On 11/01/2017, 09:52, "Matus UHLAR - fantomas" <uh...@fantomas.sk> wrote:
>>>> On 10/01/2017, 23:01, "Reindl Harald" <h....@thelounge.net> wrote:
>>>>> you setup a new server with 3.3.2 in 2017?
>>>>>
>>>>> current is 3.4.1 and i know people running it on Debian for more
>>>>>than a
>>>>> year - sorry but why are you doing that?
>
>>>Am 10.01.2017 um 23:09 schrieb Andrea:
>>>> You¹re right.
>>>> It seems that something was left over from the previous debian
>>>>release:
>>>>
>>>> root@srv1:~# whereis spamassassin
>>>> spamassassin: /usr/bin/spamassassin /etc/spamassassin
>>>> /usr/local/bin/spamassassin /usr/share/spamassassin
>>>> /usr/share/man/man1/spamassassin.1p.gz
>>>>
>>>>
>>>> root@srv1:~# /usr/local/bin/spamassassin -V
>>>> SpamAssassin version 3.3.2
>>>> running on Perl version 5.20.2
>>>>
>>>> root@srv1:~# /usr/bin/spamassassin -V
>>>> SpamAssassin version 3.4.0
>>>> running on Perl version 5.20.2
>
>>>that sounds bad - package managers are supposed to clean leave files and
>>>report package versions
>
>they do. /usr/local/bin/spamassassin is NOT from debian package. debian
>doesn't put package files to /usr/local/bin
>
>I wonder why was there 3.3.2 in /usr/local/ since the wheezy version was
>3.3.2 too.
>
>>>however - did you run "sa-update" after your setup was finished because
>>>otherwise you are *far away* from a proper setup and recent rules
>
>On 10.01.17 23:31, Andrea wrote:
>>I did run sa-update..but now it seems that the concurrent versions issue
>>affects all sa binaries (sa-learn, sa-update, etc).
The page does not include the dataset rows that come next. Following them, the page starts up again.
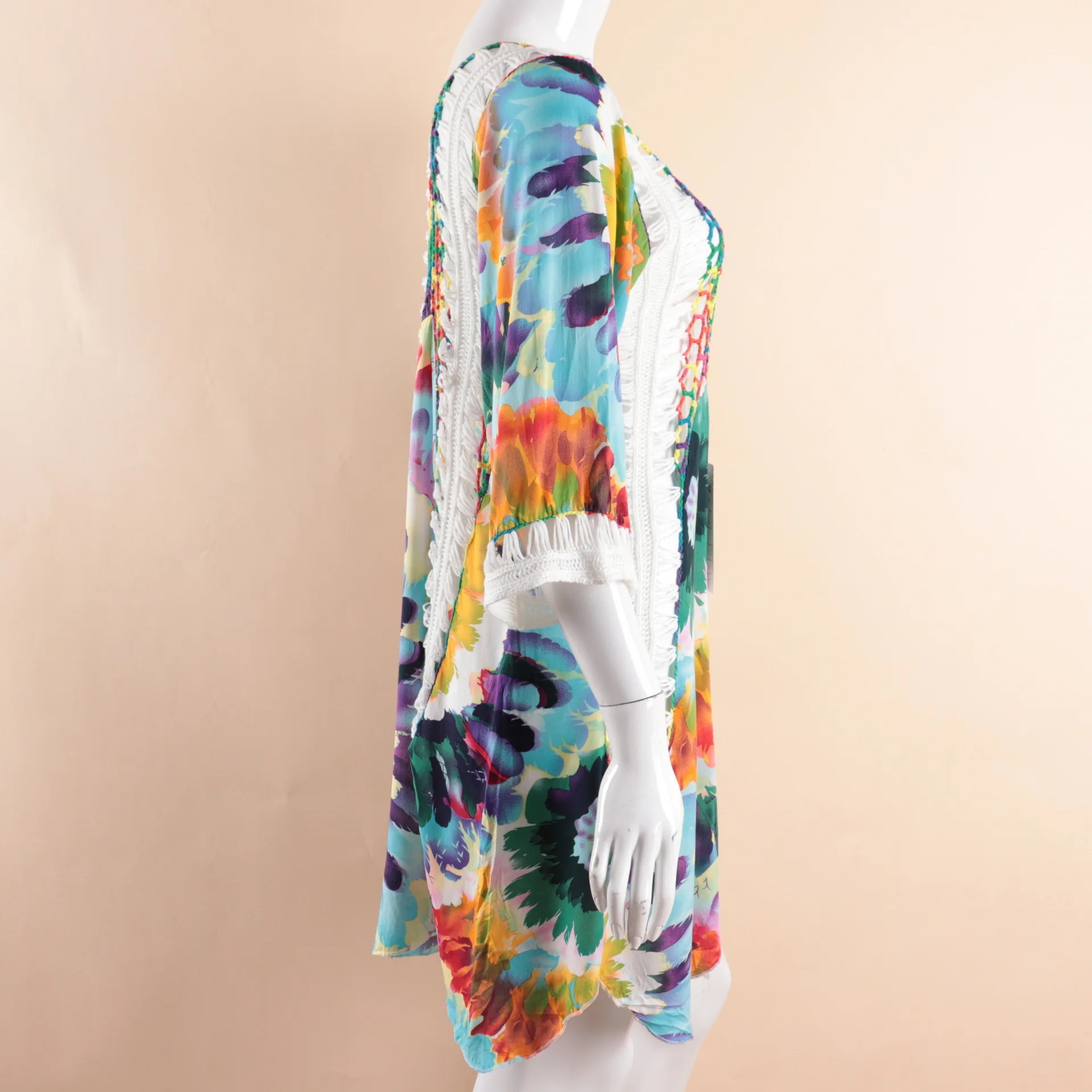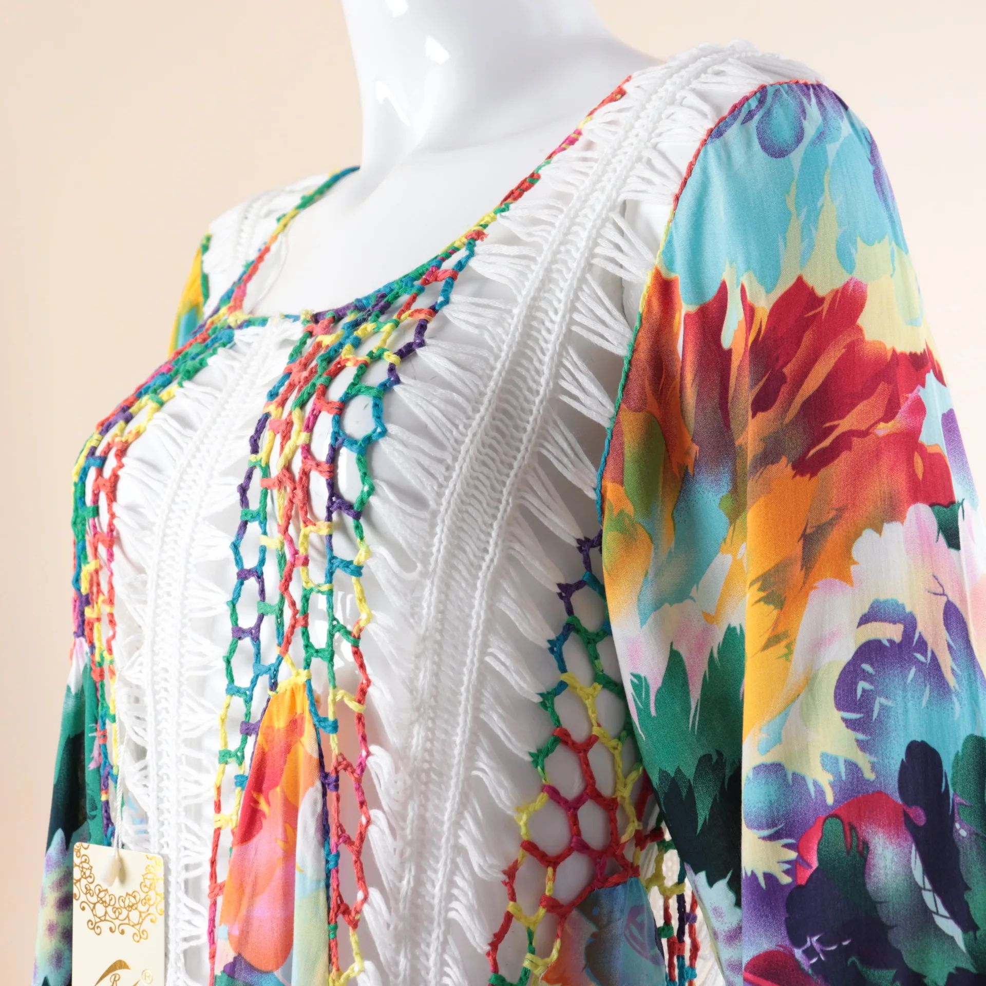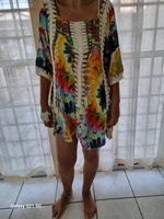 I received it, very fast shipping, beautiful, but it should be longer, I thought of a beach dress but it is a long blouse, you can’t wear it as a dress.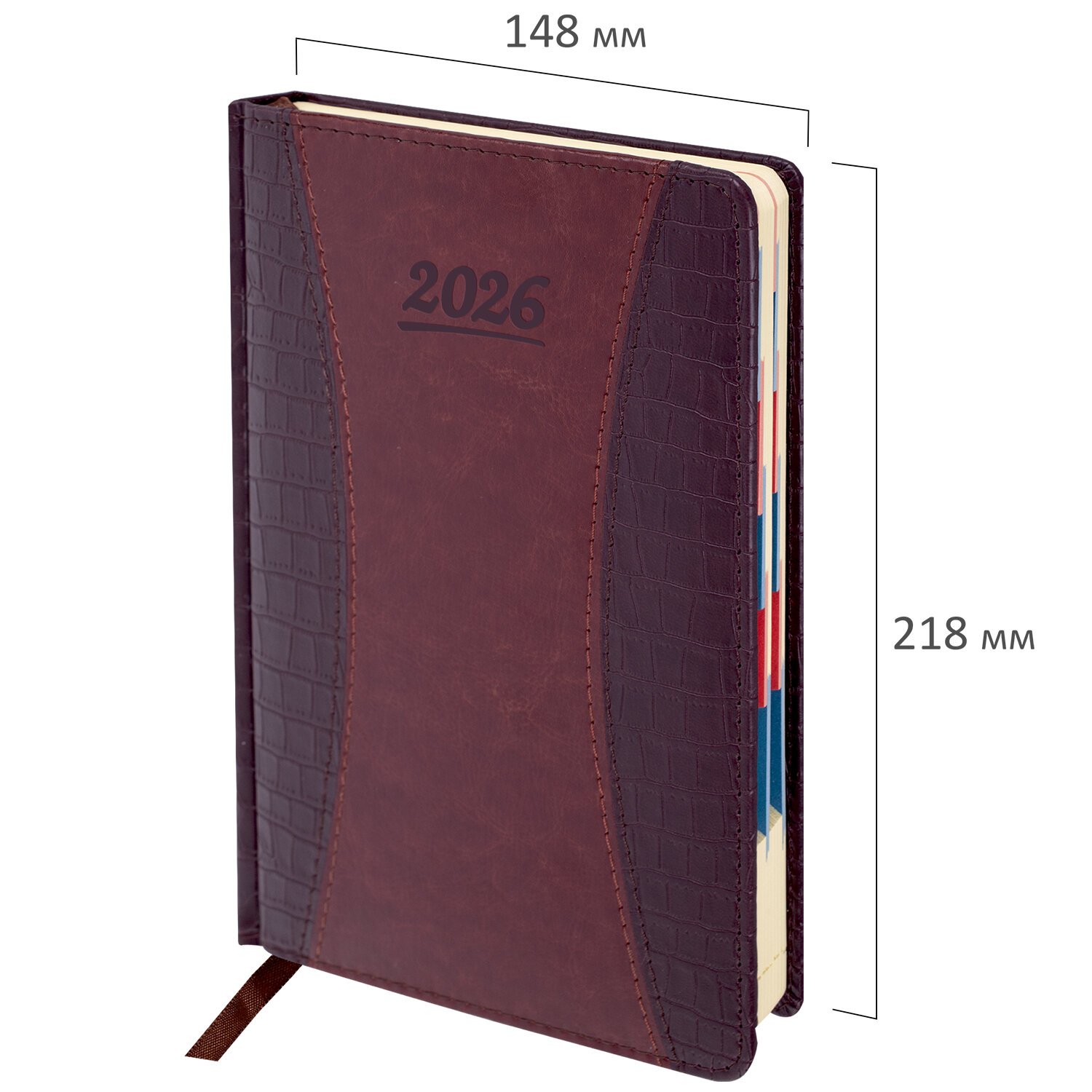 Внутренний блок включает 168 листов тонированной бумаги плотностью 70 г/м2. Каждая страничка имеет перфорированный угол. Благодаря стандартному формату А5 (148х218 мм) ежедневник удобно использовать как в офисе, так и на выездных деловых встречах. Твердая обложка состоит из двух материалов и стилизована под кожу крокодила с вставкой из материала под гладкую кожу. Материал обложки подходит для горячего тиснения.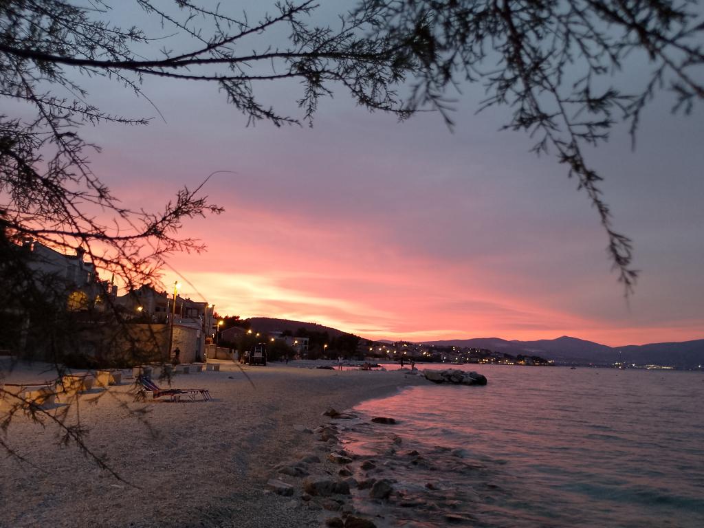 Die Apartments liegen sehr nah am Strand und bieten einen wunderschönen Blick auf das Meer. Sehr sauber, mit allen notwendigen Dingen ausgestattet. Die Besitzerin ist sehr nett, hilfsbereit und kümmert sich um ihre Gäste. Ein gepflegter Strand mit feinen Kieselsteinen und einer Außendusche. Platzieren Sie in einer ruhigen Gegend. Es liegt jedoch in der Nähe von Bars, Restaurants und einem Wasserspielplatz. In der Nähe von Ausflügen nach Trogir und Split. Sie können mit öffentlichen Verkehrsmitteln und der Fähre dorthin gelangen.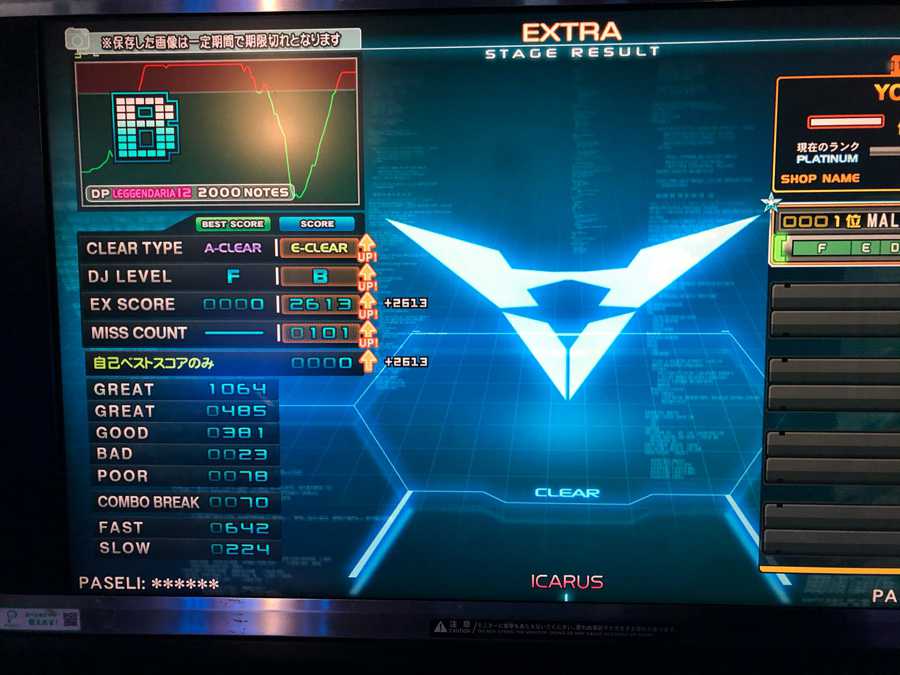 あと二つ…なんと、どちらも12.7のイージーランプなのです! 覚悟の準備をしておいてください。(ワザップジョルノ) イカロスDPLイージー!!!!!! 12.7初イージーはカマイタチ†とばかり思っていたので、まさかのイカロス†でびっくりでしたし、12.7初だったので感慨深いものがありましたね…やったぜ。成し遂げたぜ。 一応ノマゲまではあの加速超発狂を耐える必要は全くなくて、後半だけでクリアが可能です。 ただし…許容ミスはあまり許されず、ほぼ繋ぐくらいの力が必要となります。 発狂を耐える必要は無くても、そこそこ難しい譜面を繋ぐ力が求められるし、そこが12.7に値するのだと思いますね。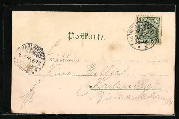 Personenbezogene Daten auf der Rückseite der Karte wurden durch blauen Textmarker unkenntlich gemacht. Die blauen Stellen sind auf die Vorderseite durchgeweicht und wirken sich negativ auf das Postkartenfoto aus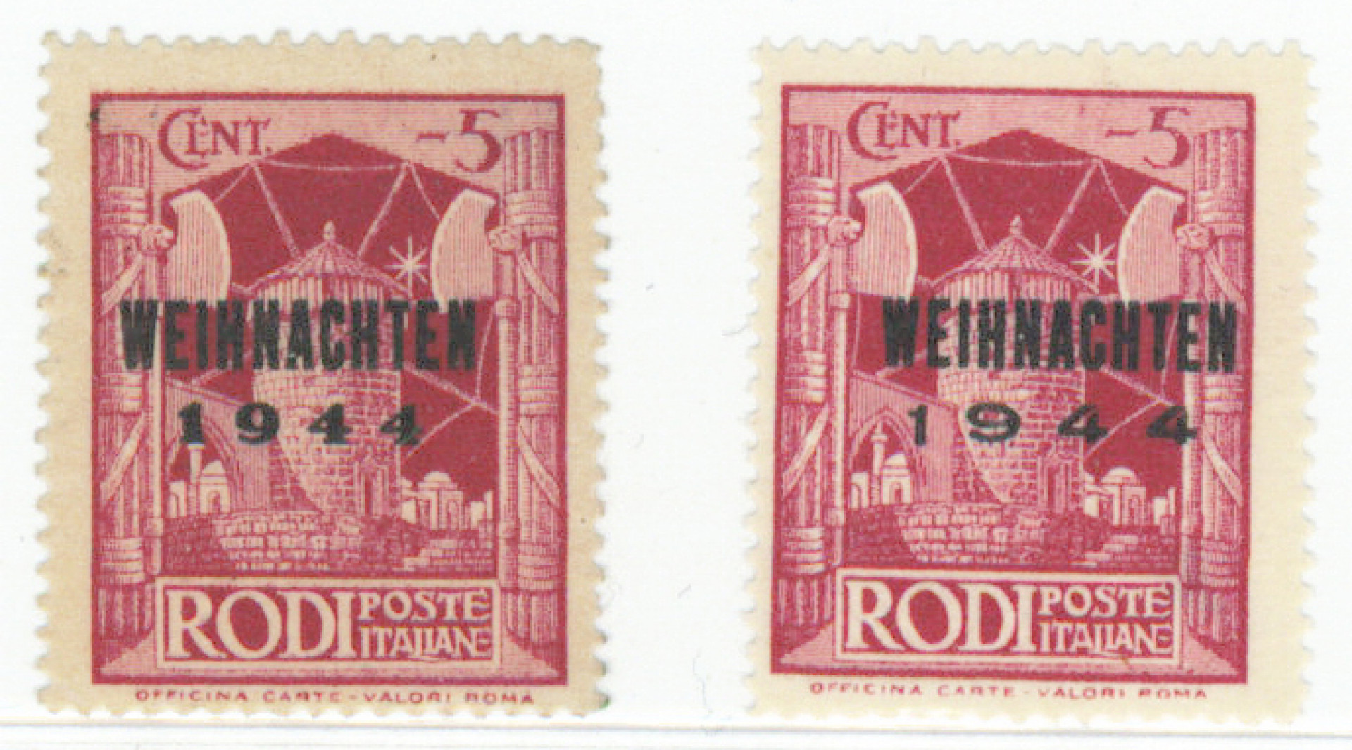 Rhodos 1944 Mi 12, kaksi postituoretta ** merkkiä, tyypit I ja III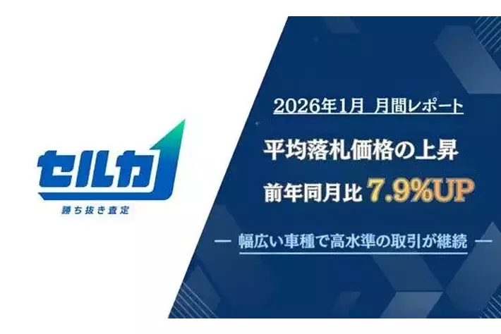が運営する、中古車CtoBオークションサービス 勝ち抜き査定「セルカ」において、2026年1月の平均落札価格は2,332,449円となり、前年同月(2,161,427円)と比較して7.9%上昇しました。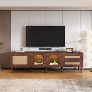 Rattan TV Stand With 3 Cabinets & 2 Drawers, Rattan-Inspired Media Console Table For Tvs Up To 80'', LED Light Entertainment Center, TV Cabinet For Living Room - Black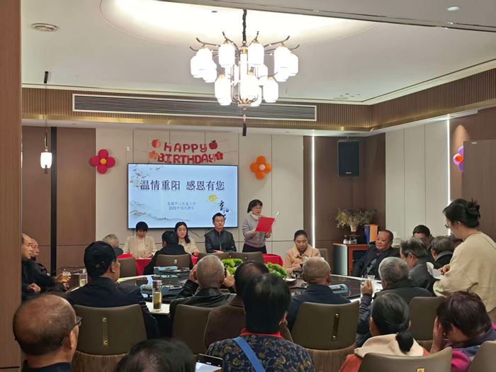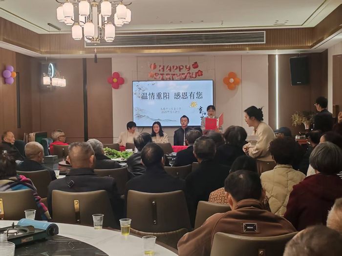 活动现场暖意融融,校长金瑾发表致辞,向退休教师们致以节日的问候和美好的祝福。她深情回顾了老师们为学校发展倾注的心血与汗水,感谢他们多年来为教育事业默默耕耘、无私奉献。何可非校长详细介绍了学校近年来的发展成就与未来规划,让老教师们深切感受到学校的牵挂与敬意。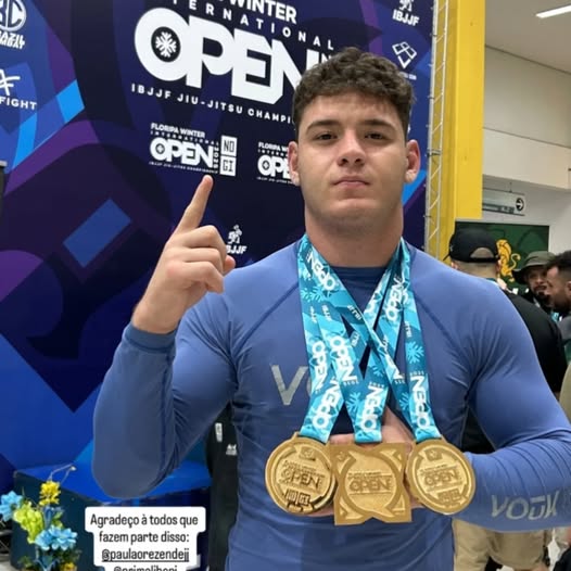 O jovem talento do Jiu-Jitsu, Viana Grappler (@viana_grappler), natural de São José do Rio Pardo, voltou a Florianópolis com mais uma impressionante performance nos tatames. Após dois meses de sua última participação, quando conquistou duas medalhas de ouro e duas de bronze, o atleta agora superou suas próprias marcas ao faturar três medalhas de ouro em uma competição internacional de alto nível.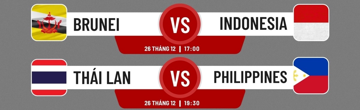 Chiều và tối 26/12, lượt trận thứ 3 bảng A - AFF Cup 2022 sẽ diễn ra. Trên sân nhà Thammasat ở Pathum Thani, ĐKVĐ Thái Lan sẽ có cuộc đọ sức với đối thủ Philippines, trong khi Indonesia sẽ đến làm khách của Brunei.

>>I wonder what went wrong since I followed the Debian upgrade procedures
>>and I _never_ installed anything that wasn’t coming in a package from the
>>official repositories.
>
>seems you did have locally installes SA though (as noted above - anything
>in
>/usr/local is NOT from debian distribution) - did you fix your problem by
>removing it?
>
>if not, did you check configuration files in /etc/spamassassin/ ?
>which spamassassin do you call from master.cf?
>It's possible that locally installed uses files in other directories which
>may have caused your problem
Fixing the binary paths actually did resolve the issue. I am now back at
“acceptable” detection levels.
I’m still trying to figure out where did the outdated packages come from
though
Re: Lot of spam slipping through after OS upgrade
Posted by Matus UHLAR - fantomas <uh...@fantomas.sk>.
>>> On 10/01/2017, 23:01, "Reindl Harald" <h....@thelounge.net> wrote:
>>>> you setup a new server with 3.3.2 in 2017?
>>>>
>>>> current is 3.4.1 and i know people running it on Debian for more than a
>>>> year - sorry but why are you doing that?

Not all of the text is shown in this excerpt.